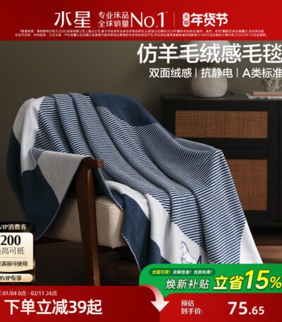 水星家纺毛毯A类抗静电可水洗办公室午休毯子保暖空调盖毯沙发毯
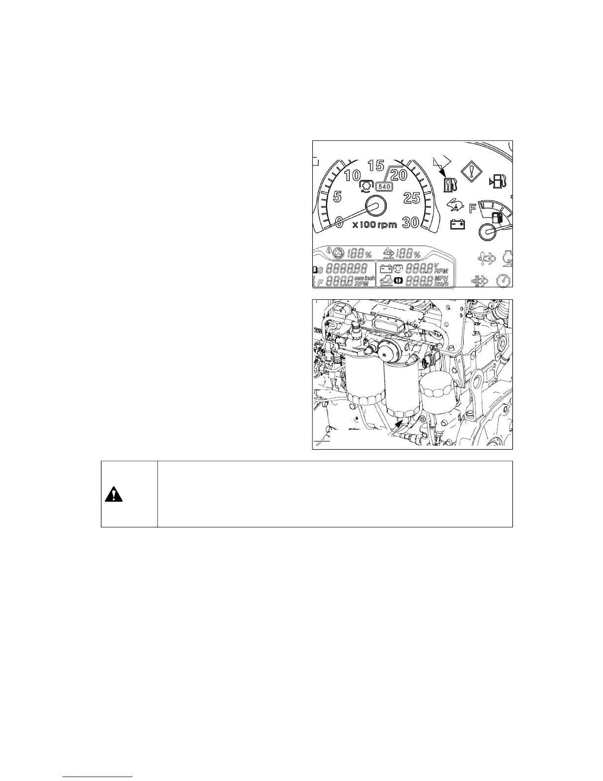 z Check if the fuel filter warning indicator is turned
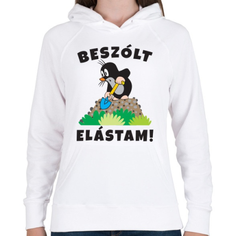 1 kép PRINTFASHION Kisvakond - Beszólt elástam! - Női kapucnis pulóver - Fehér
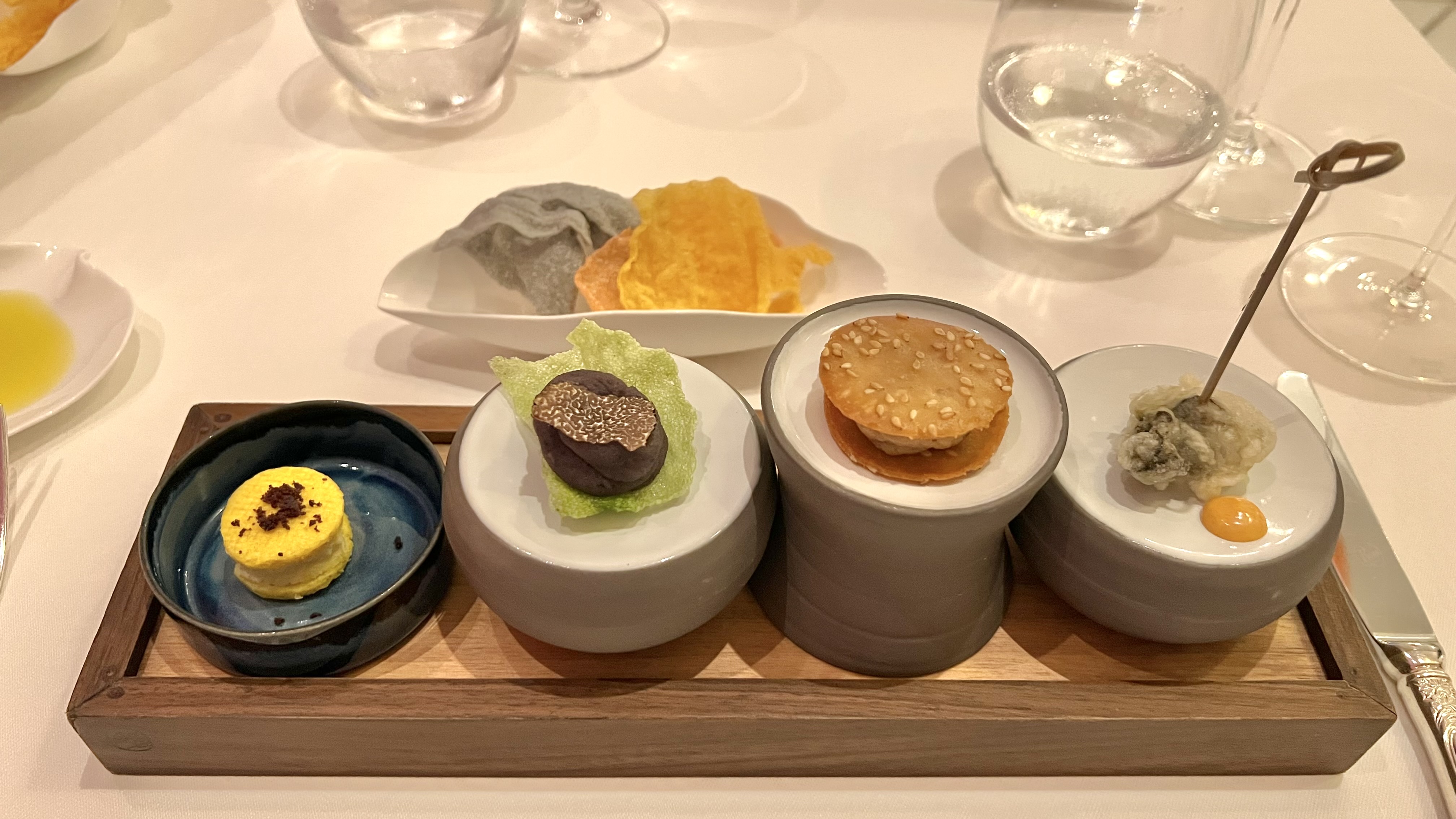 The amuse bouche were wonderful. My favorites were the oyster tempura and the truffle.
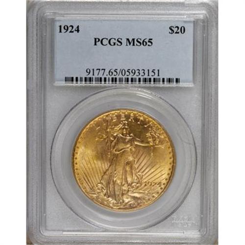 <B>1924 $20 MS65 PCGS.</B></I> One of the most available double eagle issues in Gem grade, the 1924 is one of the most popular choices for type collections. The surfaces of this strongly lustrous yellow-gold example exhibit splashes of orange color in the fields.<BR><BR><b>Shipping:</b> Coins & Currency (<a target="_blank" href="http://www.heritageauctions.com/common/shipping.php">view shipping information</a>)
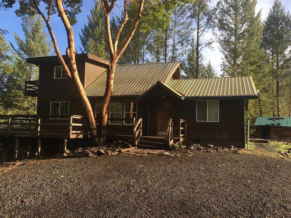 Private country home nestled in a tree setting. Rustic 3 bdrm and 2.5 bath home with large deck, two wells plus holding tank. The main well is at 7 gpm - the other one at 3.5 gpm. This home sits back off of the road and is very quiet and tranquil. Agricultural greenhouses and storage facilities.

BRIEF
Repeat the data word for word, excluding any image.

ANSWER BOX
 水星家纺毛毯A类抗静电可水洗办公室午休毯子保暖空调盖毯沙发毯
 z Check if the fuel filter warning indicator is turned
 1 kép PRINTFASHION Kisvakond - Beszólt elástam! - Női kapucnis pulóver - Fehér
 The amuse bouche were wonderful. My favorites were the oyster tempura and the truffle.
 <B>1924 $20 MS65 PCGS.</B></I> One of the most available double eagle issues in Gem grade, the 1924 is one of the most popular choices for type collections. The surfaces of this strongly lustrous yellow-gold example exhibit splashes of orange color in the fields.<BR><BR><b>Shipping:</b> Coins & Currency (<a target="_blank" href="http://www.heritageauctions.com/common/shipping.php">view shipping information</a>)
 Private country home nestled in a tree setting. Rustic 3 bdrm and 2.5 bath home with large deck, two wells plus holding tank. The main well is at 7 gpm - the other one at 3.5 gpm. This home sits back off of the road and is very quiet and tranquil. Agricultural greenhouses and storage facilities.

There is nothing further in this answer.